Unlike many athletes, the Hales kids keep sports in perspective. They like to win, but they never forget that it’s all for fun. Stephen has been known to break out laughing when delivering a crucial pitch to a good friend on a rival baseball team.
The most important family tradition of all is love. Holly and Stephen stay in close touch with their brothers and sisters who are no longer at home. When a letter arrives from Christopher in the Mexico Torreon Mission, it is consumed by the whole family as if it were some delicious food. They also hear often from Joe and Jill and Sally. Brother and Sister Hales send a letter every week to each of their children. Wherever they may be, this family stays in touch and in tune.
“My family means everything to me,” Holly says. “We’re so close that even when we’re apart we’re together.”
“We love each other,” Stephen adds. “We have a lot of fun.”
Another family tradition, if it can be called such, is a love of the place they live. And it’s a very easy place to love. Only a few blocks above the Hales home, woodlands begin, and a State University of New York campus is practically next door.
The area is home to many ethnic groups—Italians, Slovaks, Russians, Poles, Ukrainians, Jews, Indians. As a result, the Hales children have friends from many religions. They have visited the Ukrainian Orthodox church and attended bar mitzvahs in the Jewish synagogue just around the corner. Their best friends, the Lehtinens, are devout Catholics.

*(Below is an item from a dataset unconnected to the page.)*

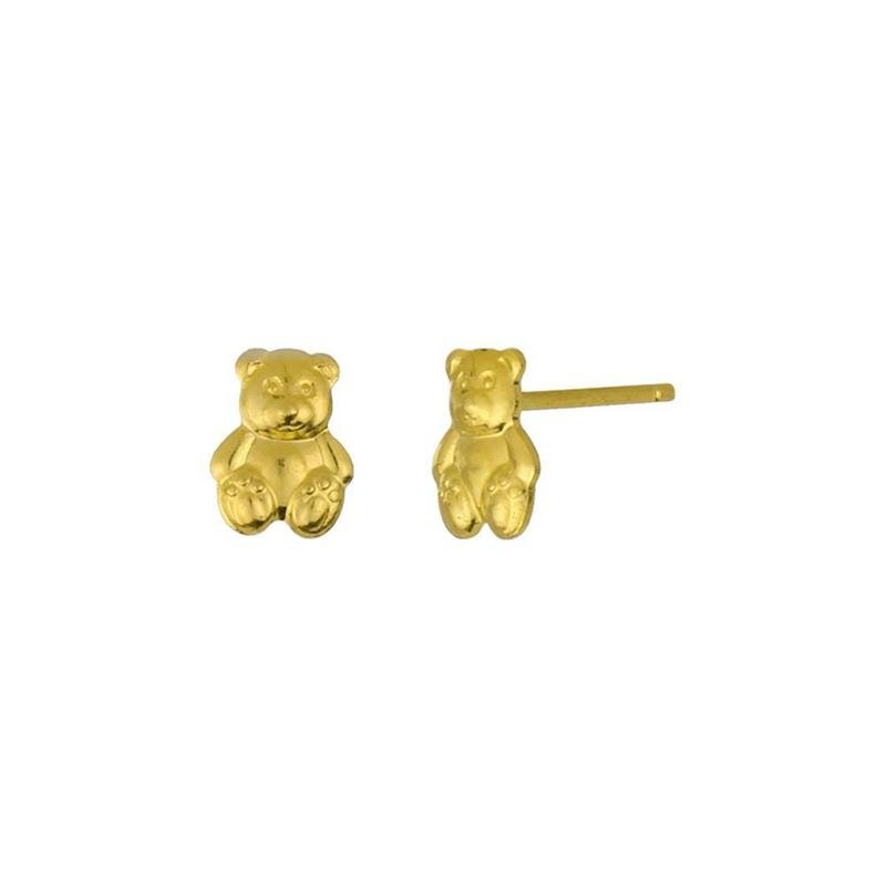 Brinco fixo de ursinho. Produto no bruto.Produtos no bruto não passaram pelo processo de galvanoplastia, o banho. Falta em sua superfície as camadas de metais preciosos como ouro, prata ou ródio.

And that brings us back to the family home afternoon in October. After buying their pumpkins, the Haleses and the Lehtinens moved on to their favorite cider mill for a jug of fresh-pressed cider and a bag of crisp, juicy apples. The local apples are justly renowned, and cider squeezed from them is the sweetest, tangiest nectar this side of heaven. A frothy cider toast is one family tradition the Haleses will drink to at the drop of a cup.
Trailing the deep fragrance of apples, they next drove to the farm of Brother and Sister Hogan to get some cornstalks. Then they went home to make great jack-o’-lanterns out of their great pumpkins.
They decorated their front door and porch with pumpkins, gourds, and cornstalks. Up and down the streets around them, people were doing the same. It’s a tradition the whole town shares. Ghosts appeared in neighborhood windows, and monsters emerged from the shrubs.
It was starting to look like another traditional Hales Halloween, and that suited everyone just fine. Because in the Hales home, family traditions are a family tradition.